____ Material provided

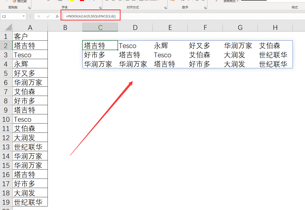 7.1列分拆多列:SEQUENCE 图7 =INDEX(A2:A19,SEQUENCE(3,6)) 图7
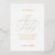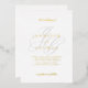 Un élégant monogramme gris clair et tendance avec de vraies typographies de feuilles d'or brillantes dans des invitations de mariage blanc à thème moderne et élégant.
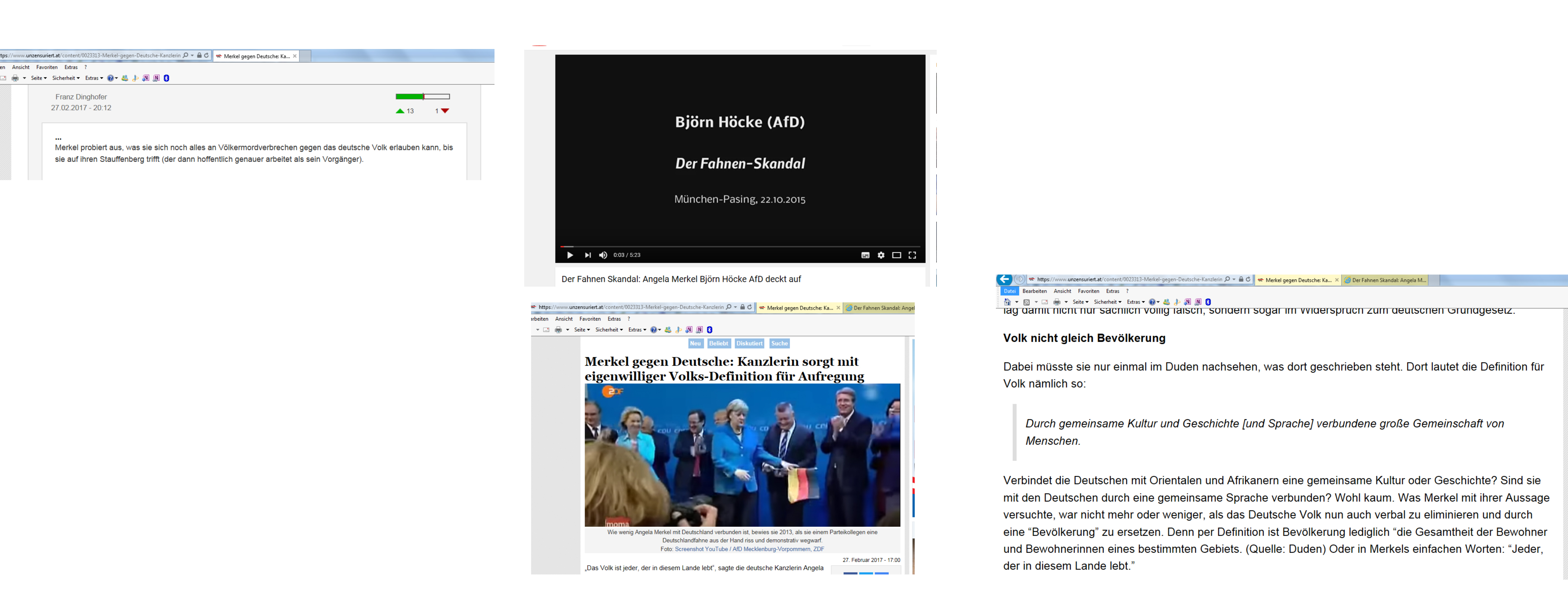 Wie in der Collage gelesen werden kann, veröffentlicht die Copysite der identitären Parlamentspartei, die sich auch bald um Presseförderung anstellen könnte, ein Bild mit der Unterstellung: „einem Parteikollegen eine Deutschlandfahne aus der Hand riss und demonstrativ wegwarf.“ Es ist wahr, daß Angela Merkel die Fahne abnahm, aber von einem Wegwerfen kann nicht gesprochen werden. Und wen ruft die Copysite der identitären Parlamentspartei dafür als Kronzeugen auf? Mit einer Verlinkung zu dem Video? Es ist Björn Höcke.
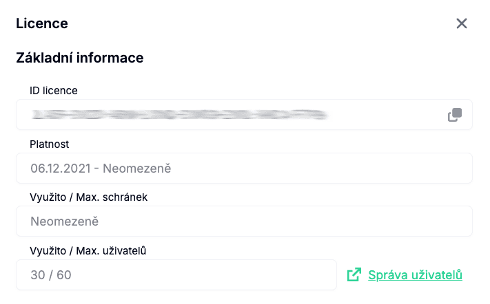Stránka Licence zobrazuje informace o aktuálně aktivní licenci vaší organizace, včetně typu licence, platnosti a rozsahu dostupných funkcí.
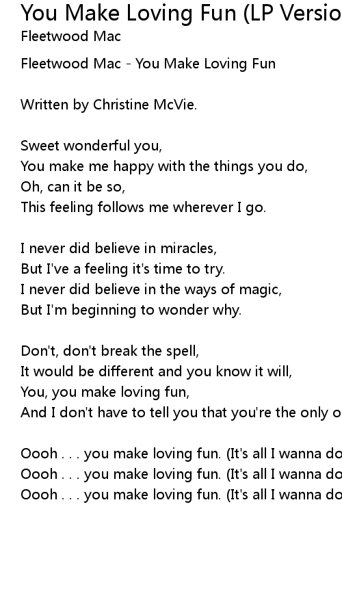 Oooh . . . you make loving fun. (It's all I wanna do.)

________
____ Material provided

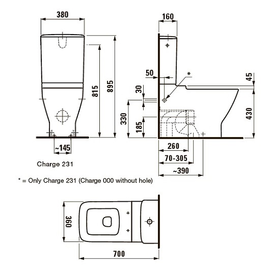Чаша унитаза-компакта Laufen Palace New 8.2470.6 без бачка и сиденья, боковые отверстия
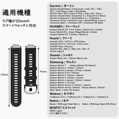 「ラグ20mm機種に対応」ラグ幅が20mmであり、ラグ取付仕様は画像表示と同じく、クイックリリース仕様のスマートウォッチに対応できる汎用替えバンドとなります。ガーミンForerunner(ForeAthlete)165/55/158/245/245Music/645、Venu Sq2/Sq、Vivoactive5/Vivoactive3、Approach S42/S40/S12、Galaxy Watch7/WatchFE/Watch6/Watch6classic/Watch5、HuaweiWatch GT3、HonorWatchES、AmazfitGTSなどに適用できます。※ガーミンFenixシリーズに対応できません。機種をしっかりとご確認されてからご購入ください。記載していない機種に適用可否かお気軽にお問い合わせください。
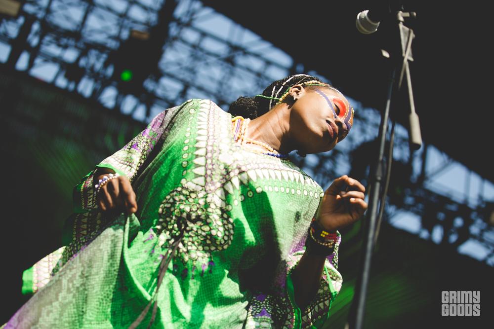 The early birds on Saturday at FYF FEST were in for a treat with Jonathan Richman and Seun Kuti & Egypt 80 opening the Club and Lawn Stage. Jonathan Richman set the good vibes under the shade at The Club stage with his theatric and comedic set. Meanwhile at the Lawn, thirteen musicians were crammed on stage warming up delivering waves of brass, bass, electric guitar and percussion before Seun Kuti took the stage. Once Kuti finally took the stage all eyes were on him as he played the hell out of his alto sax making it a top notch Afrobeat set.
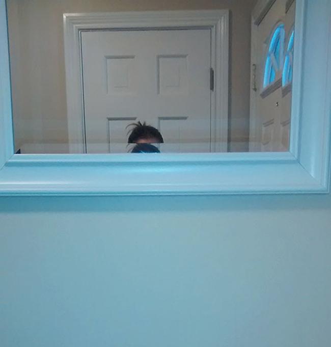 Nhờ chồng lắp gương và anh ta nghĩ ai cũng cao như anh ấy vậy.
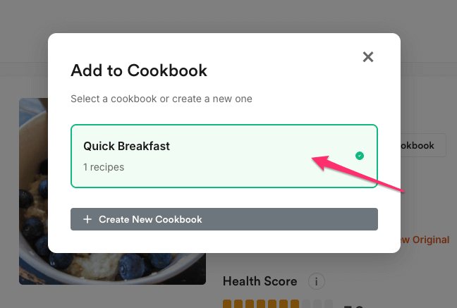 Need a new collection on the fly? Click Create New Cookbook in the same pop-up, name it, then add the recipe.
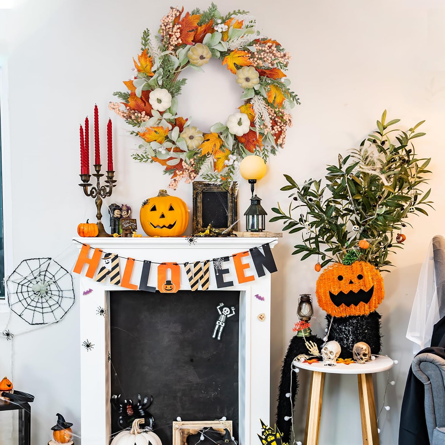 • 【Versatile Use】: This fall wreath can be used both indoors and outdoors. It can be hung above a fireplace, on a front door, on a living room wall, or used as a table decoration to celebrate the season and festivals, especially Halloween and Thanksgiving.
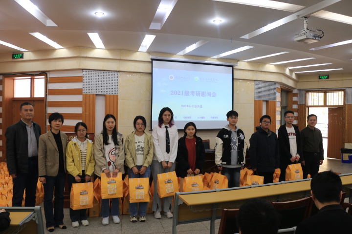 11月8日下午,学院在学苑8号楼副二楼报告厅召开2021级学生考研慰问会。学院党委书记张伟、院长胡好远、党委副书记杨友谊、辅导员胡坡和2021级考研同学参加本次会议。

________

[What to work on]: Above are the records; restate exactly the lines from the one containing "Stránka Licence zobrazuje" through the one containing "Oooh . . . you", keeping pictures out.

[Response box]:
Stránka Licence zobrazuje informace o aktuálně aktivní licenci vaší organizace, včetně typu licence, platnosti a rozsahu dostupných funkcí.
 Oooh . . . you make loving fun. (It's all I wanna do.)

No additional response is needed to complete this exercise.